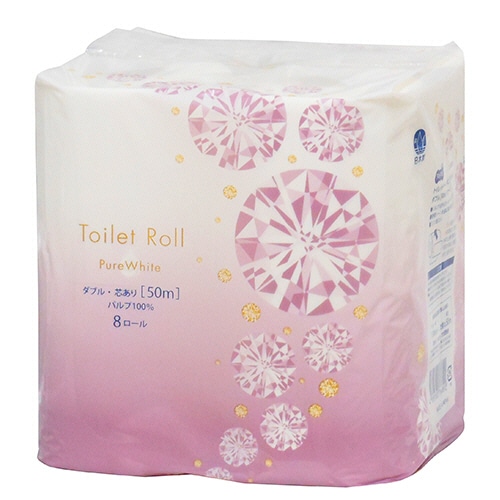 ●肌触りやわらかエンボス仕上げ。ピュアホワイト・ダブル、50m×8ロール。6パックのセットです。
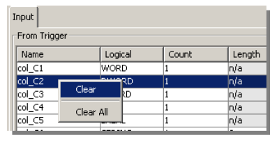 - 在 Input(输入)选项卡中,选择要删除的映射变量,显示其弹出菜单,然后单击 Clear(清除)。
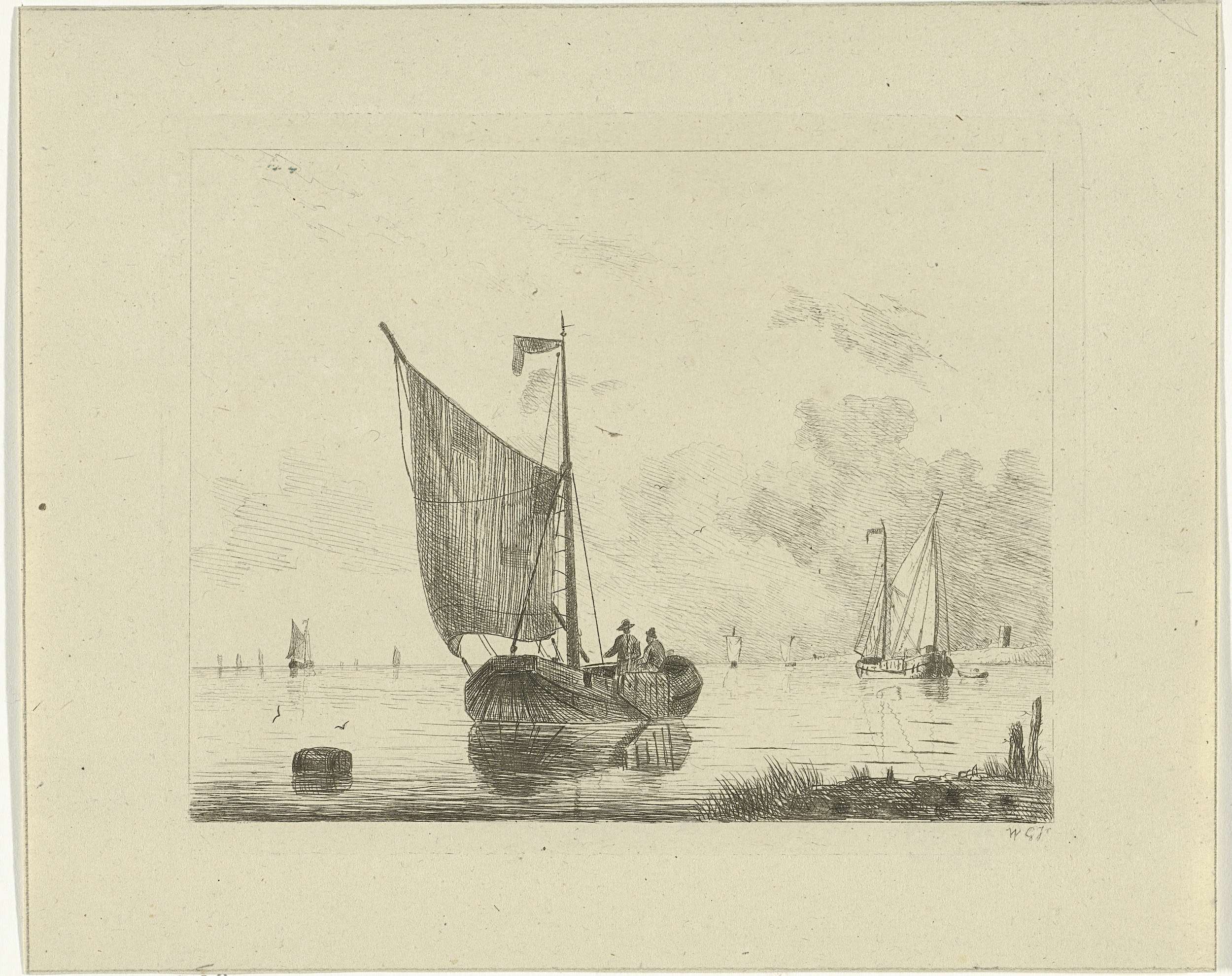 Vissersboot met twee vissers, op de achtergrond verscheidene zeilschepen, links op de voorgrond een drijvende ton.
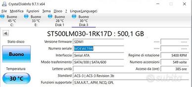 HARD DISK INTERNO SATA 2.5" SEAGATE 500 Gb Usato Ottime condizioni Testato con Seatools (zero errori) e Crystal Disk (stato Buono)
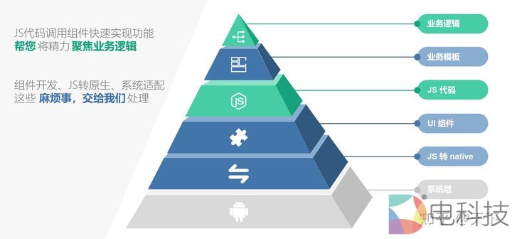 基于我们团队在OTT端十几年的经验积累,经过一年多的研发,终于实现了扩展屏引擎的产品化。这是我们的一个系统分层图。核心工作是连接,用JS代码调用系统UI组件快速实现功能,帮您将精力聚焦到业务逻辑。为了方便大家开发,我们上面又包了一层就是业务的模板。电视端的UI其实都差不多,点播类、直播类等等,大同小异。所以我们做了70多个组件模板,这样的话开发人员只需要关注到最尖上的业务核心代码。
■ ■ ■ ■ ■ ■ ■
**Exercise aim:**
Set each line of the records down again exactly as it reads. Omit the pictures.

**Written solution:**
 ●肌触りやわらかエンボス仕上げ。ピュアホワイト・ダブル、50m×8ロール。6パックのセットです。
 - 在 Input(输入)选项卡中,选择要删除的映射变量,显示其弹出菜单,然后单击 Clear(清除)。
 Vissersboot met twee vissers, op de achtergrond verscheidene zeilschepen, links op de voorgrond een drijvende ton.
 HARD DISK INTERNO SATA 2.5" SEAGATE 500 Gb Usato Ottime condizioni Testato con Seatools (zero errori) e Crystal Disk (stato Buono)
 基于我们团队在OTT端十几年的经验积累,经过一年多的研发,终于实现了扩展屏引擎的产品化。这是我们的一个系统分层图。核心工作是连接,用JS代码调用系统UI组件快速实现功能,帮您将精力聚焦到业务逻辑。为了方便大家开发,我们上面又包了一层就是业务的模板。电视端的UI其实都差不多,点播类、直播类等等,大同小异。所以我们做了70多个组件模板,这样的话开发人员只需要关注到最尖上的业务核心代码。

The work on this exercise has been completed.